---------- DATA RECORDS

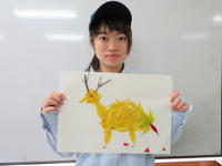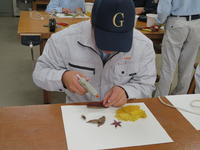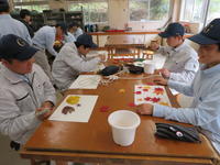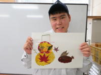1年生がイロハモミジやイチョウなどの落ち葉を使い、落ち葉アートに取り組みました。集めた落ち葉で葉の色ごとに配置を気にしながら、約1時間程度で完成しました。落ち葉の色をいかした、良い作品ができましたね!
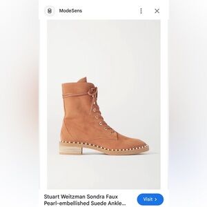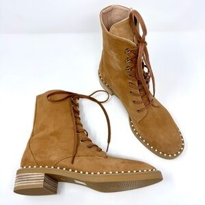 Stuart Weitzman Women's Sondra Faux Pearl Lace Up Combat Boots size 9
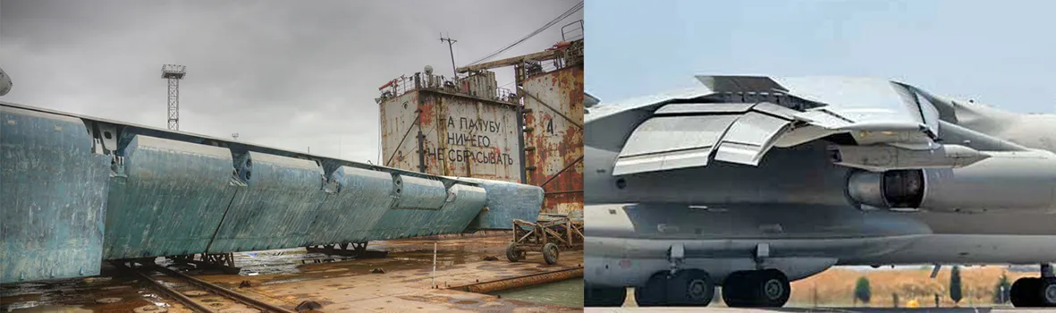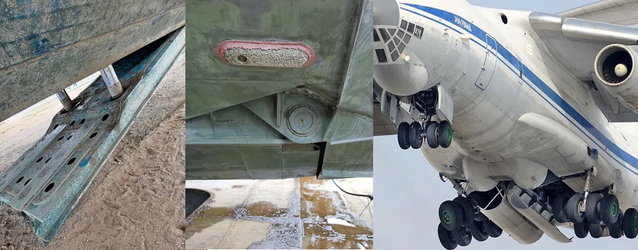 Кроме того, есть пятиопорное многоколёсное шасси, причём именно в его конструкции используются самые сложные и массивные титановые детали. У ЭП «Лунь» есть лишь некое подобие шасси — гидролыжа, сложность, а значит, и стоимость которой не идёт ни в какое сравнение с шасси Ил-76. Ну и сварка, само собой.
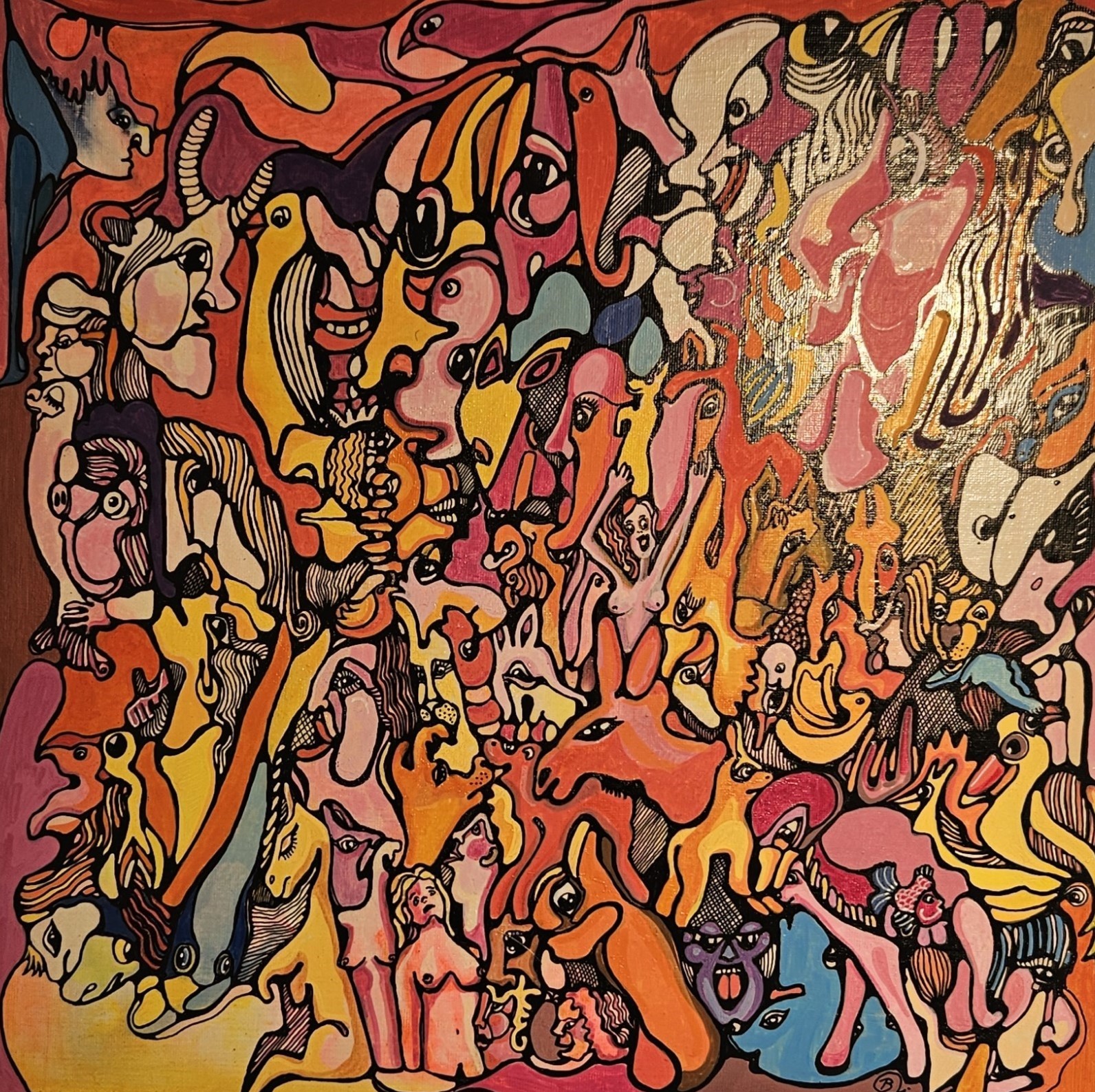 SEO Keywords: expressive art, world in flames, contemporary acrylic painting, modern artwork, Barbara Zimmermann, exhibition Bad Rothenfelde
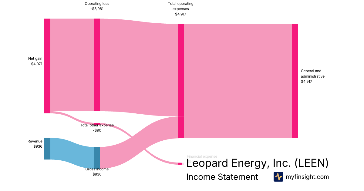 For the quarter ending 2026-01-31, LEEN made $936 in revenue. -$4,071 in net income. Net profit margin of -434.94%.
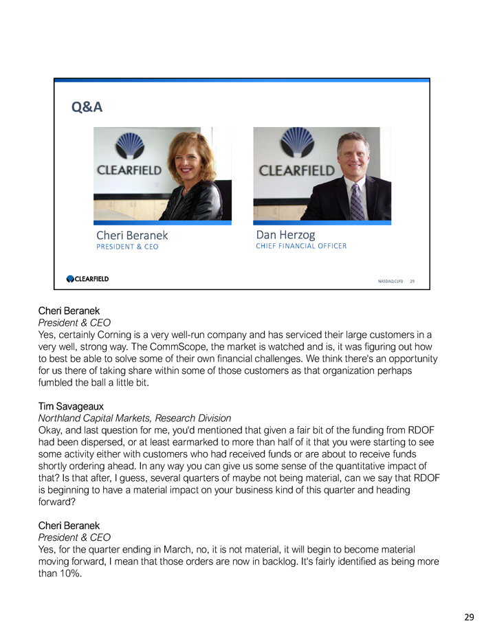Q&A NASDAQ:CLFD 28 Cheri Beranek PRESIDENT & CEO Dan Herzog CHIEF FINANCIAL OFFICER Cheri Beranek President & CEO We're really trying to get our hands around that. Because we, I mean historically, of course, Corning was the big dog in the market and they were the big dog because of AT&T and Verizon being the predominant deployer. Today in this market those organizations still being very strong, delivery agents to fiber to the home. There's so many more. And there's so many parts of our world about what community broadband is in place. Corning talked about 20% incremental growth, and they had a 20% growth rate this year, over last year. So what we're trying to get our hands around with is that at growing at 80% over last year, we're nowhere, we know that we're taking share, and we need to be able to identify how we're taking that share, keeping that share sticky, establishing the organizational capacity by which to grow with that. So those are figures that we hope to be able to put together and perhaps provide at a later call. But at this point, it's more of our research, and most importantly, just working to make sure we can continue to build capacity factor. Tim Savageaux Northland Capital Markets, Research Division Got it. And while we're on Corning, what are you seeing out of your kind of traditional larger competitors in the community broadband market these days, Corning and likely CommScope as well. Any change that's notable in their behavior, are they kind of tied up with the big tier one or what happened? 28
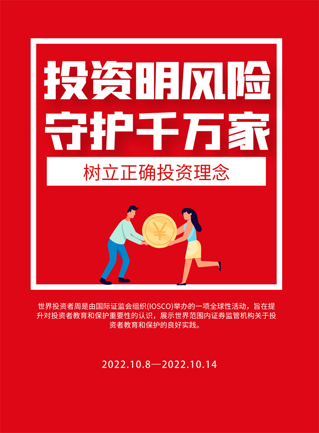 2022年“世界投資者周”將圍繞“投資明風(fēng)險(xiǎn),守護(hù)千萬家”主題,向投資者普及《期貨和衍生品法》、普及綠色金融、綠色投資理念,引導(dǎo)投資者閱讀上市公司定期報(bào)告、踐行以信息披露為核心的注冊(cè)制理念,向投資者傳播金融證券知識(shí),提示投資風(fēng)險(xiǎn),增強(qiáng)理性投資、價(jià)值投資、長(zhǎng)期投資、風(fēng)險(xiǎn)防范意識(shí),引導(dǎo)投資者樹立正確投資理念。
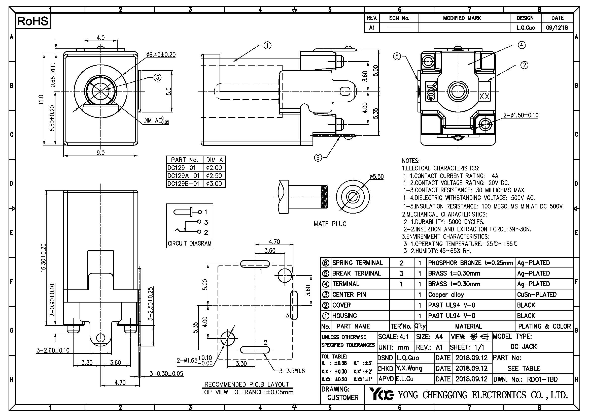 DC129 DC POWER JACK V/T DIP,φ2.00mm, φ2.50mm,φ3.00mm,H16.3mm
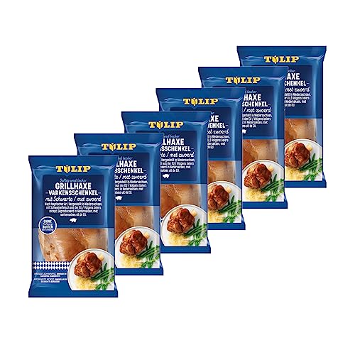 TULIP 6x 600 g Grill-Haxe mit Schwarte | Tafelfertig Kross Gegart Vakuumverpackt | Schweinshaxe einfach im Backofen zubereitet in ca. 30-40 Minuten | Ohne Kühlung
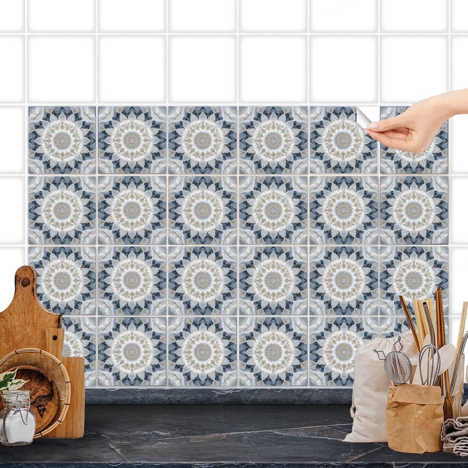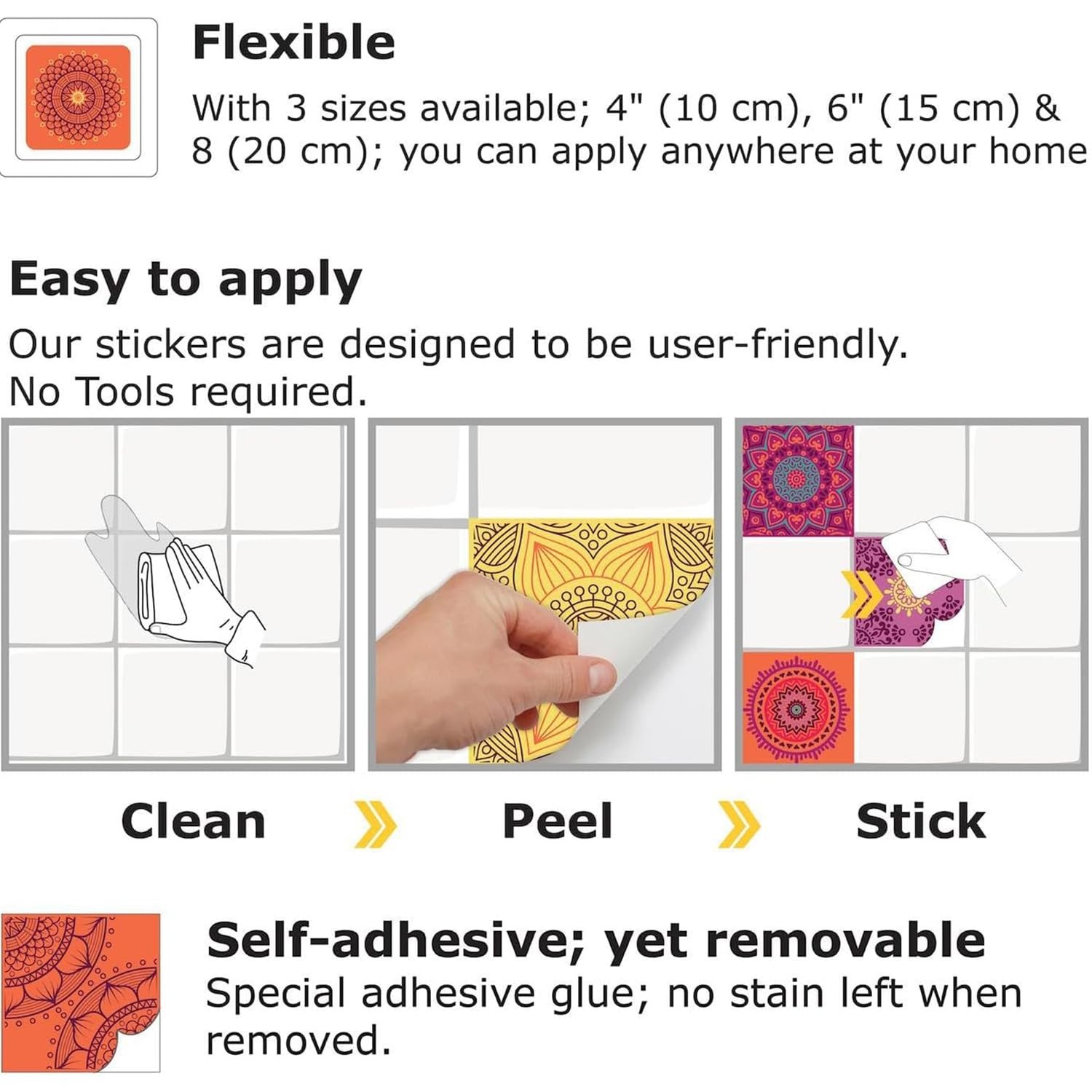 Set Name: Mandala Tile Wall Stickers - 24 Pcs
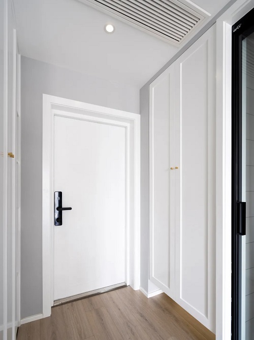 由于最窄的入户门宽度是86cm,若入户走道两侧规划面对面的收纳柜体,则走道宽度不要窄于90cm。
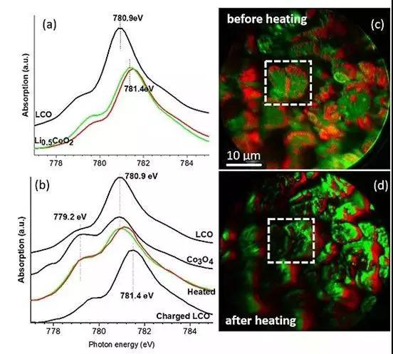 相分離成像是對(duì)每一像素單元鈷元素的吸收光譜使用單一相,包括Co2+(熱失控釋放氧形成的相)、Co3+(LCO)或Co3.5+(正常滿充電的LCO)的光譜分解擬合。相分離的高度不均勻性在圖c和d得到很好體現(xiàn)。
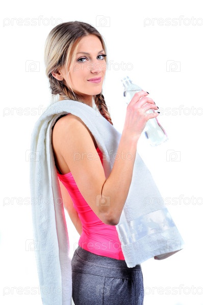 Портрет уверенной молодой женщины в спортивной одежде, держащей бутылку воды
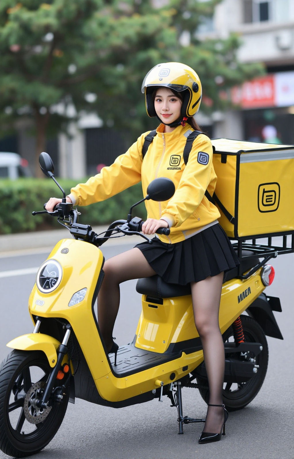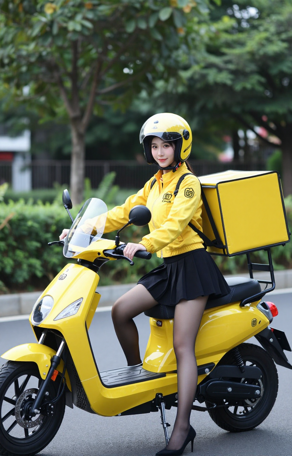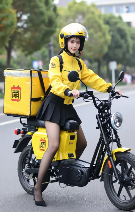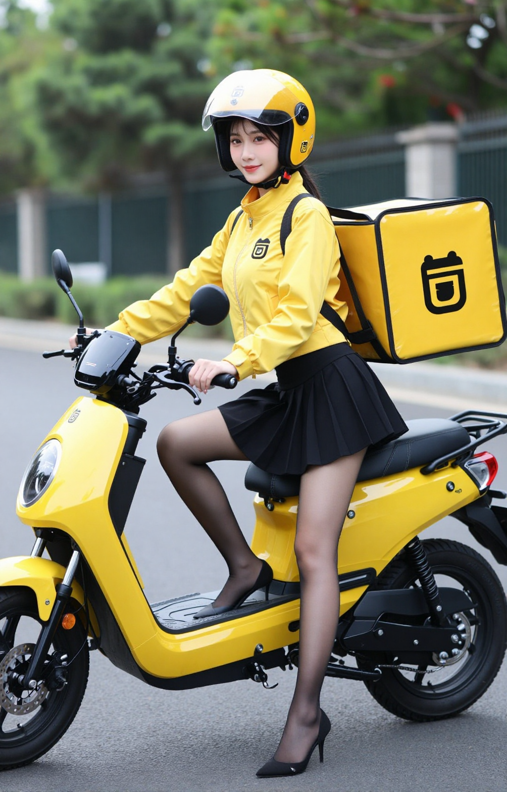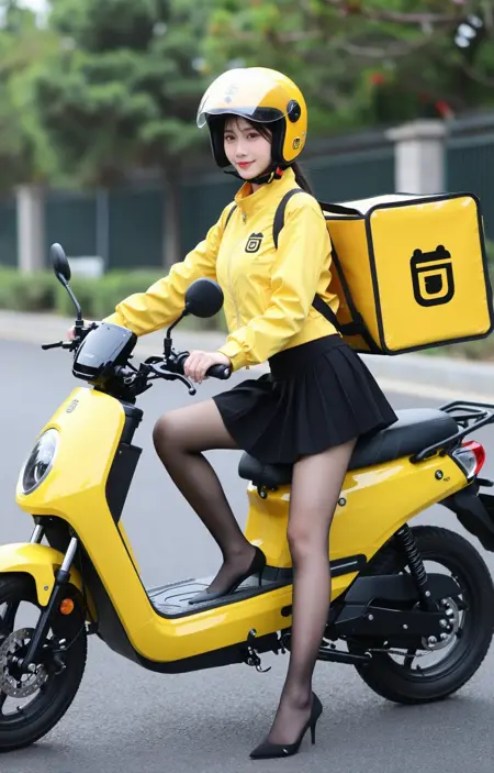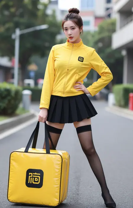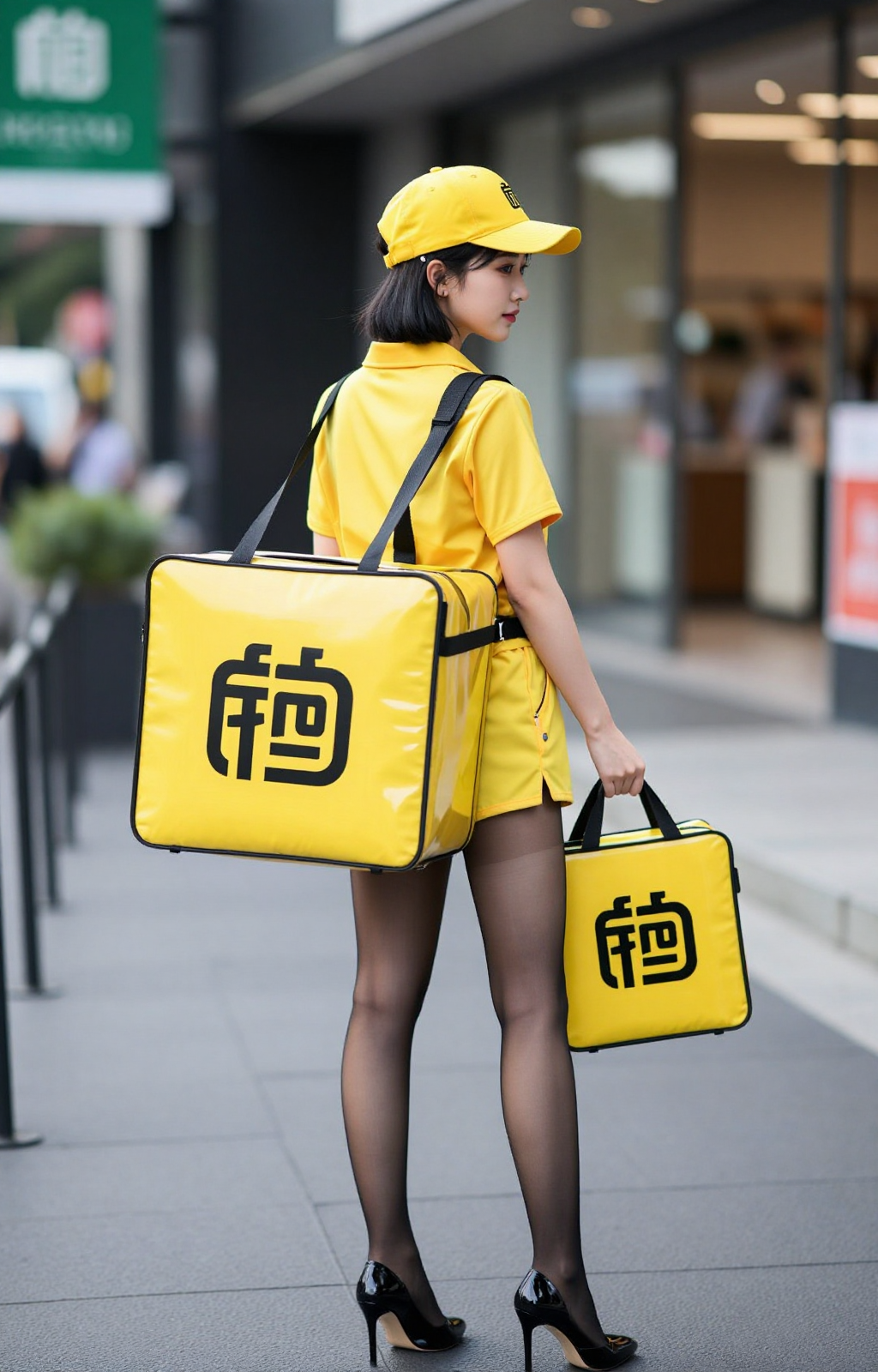 トリガー:大きな黄色い四角いバッグ、Meituan黄色のユニフォーム、Meituan、1人 Girl、パンティストッキング、ハイヒール、ユニフォーム、バッグ、帽子、単独、ぼやけた、黒髪、ぼやけた背景、黒い靴下、スカート、屋外、シャツ、バッグを持っている、立っている、黒いパンティストッキング、黄色いシャツ、リアル、全身、ベースボールキャップ、短袖、ショートパンツ

--------------------

Transcribe the data exactly, minus any images.

1年生がイロハモミジやイチョウなどの落ち葉を使い、落ち葉アートに取り組みました。集めた落ち葉で葉の色ごとに配置を気にしながら、約1時間程度で完成しました。落ち葉の色をいかした、良い作品ができましたね!
 Stuart Weitzman Women's Sondra Faux Pearl Lace Up Combat Boots size 9
 Кроме того, есть пятиопорное многоколёсное шасси, причём именно в его конструкции используются самые сложные и массивные титановые детали. У ЭП «Лунь» есть лишь некое подобие шасси — гидролыжа, сложность, а значит, и стоимость которой не идёт ни в какое сравнение с шасси Ил-76. Ну и сварка, само собой.
 SEO Keywords: expressive art, world in flames, contemporary acrylic painting, modern artwork, Barbara Zimmermann, exhibition Bad Rothenfelde
 For the quarter ending 2026-01-31, LEEN made $936 in revenue. -$4,071 in net income. Net profit margin of -434.94%.
Q&A NASDAQ:CLFD 28 Cheri Beranek PRESIDENT & CEO Dan Herzog CHIEF FINANCIAL OFFICER Cheri Beranek President & CEO We're really trying to get our hands around that. Because we, I mean historically, of course, Corning was the big dog in the market and they were the big dog because of AT&T and Verizon being the predominant deployer. Today in this market those organizations still being very strong, delivery agents to fiber to the home. There's so many more. And there's so many parts of our world about what community broadband is in place. Corning talked about 20% incremental growth, and they had a 20% growth rate this year, over last year. So what we're trying to get our hands around with is that at growing at 80% over last year, we're nowhere, we know that we're taking share, and we need to be able to identify how we're taking that share, keeping that share sticky, establishing the organizational capacity by which to grow with that. So those are figures that we hope to be able to put together and perhaps provide at a later call. But at this point, it's more of our research, and most importantly, just working to make sure we can continue to build capacity factor. Tim Savageaux Northland Capital Markets, Research Division Got it. And while we're on Corning, what are you seeing out of your kind of traditional larger competitors in the community broadband market these days, Corning and likely CommScope as well. Any change that's notable in their behavior, are they kind of tied up with the big tier one or what happened? 28
 2022年“世界投資者周”將圍繞“投資明風(fēng)險(xiǎn),守護(hù)千萬家”主題,向投資者普及《期貨和衍生品法》、普及綠色金融、綠色投資理念,引導(dǎo)投資者閱讀上市公司定期報(bào)告、踐行以信息披露為核心的注冊(cè)制理念,向投資者傳播金融證券知識(shí),提示投資風(fēng)險(xiǎn),增強(qiáng)理性投資、價(jià)值投資、長(zhǎng)期投資、風(fēng)險(xiǎn)防范意識(shí),引導(dǎo)投資者樹立正確投資理念。
 DC129 DC POWER JACK V/T DIP,φ2.00mm, φ2.50mm,φ3.00mm,H16.3mm
 TULIP 6x 600 g Grill-Haxe mit Schwarte | Tafelfertig Kross Gegart Vakuumverpackt | Schweinshaxe einfach im Backofen zubereitet in ca. 30-40 Minuten | Ohne Kühlung
 Set Name: Mandala Tile Wall Stickers - 24 Pcs
 由于最窄的入户门宽度是86cm,若入户走道两侧规划面对面的收纳柜体,则走道宽度不要窄于90cm。
 相分離成像是對(duì)每一像素單元鈷元素的吸收光譜使用單一相,包括Co2+(熱失控釋放氧形成的相)、Co3+(LCO)或Co3.5+(正常滿充電的LCO)的光譜分解擬合。相分離的高度不均勻性在圖c和d得到很好體現(xiàn)。
 Портрет уверенной молодой женщины в спортивной одежде, держащей бутылку воды
 トリガー:大きな黄色い四角いバッグ、Meituan黄色のユニフォーム、Meituan、1人 Girl、パンティストッキング、ハイヒール、ユニフォーム、バッグ、帽子、単独、ぼやけた、黒髪、ぼやけた背景、黒い靴下、スカート、屋外、シャツ、バッグを持っている、立っている、黒いパンティストッキング、黄色いシャツ、リアル、全身、ベースボールキャップ、短袖、ショートパンツ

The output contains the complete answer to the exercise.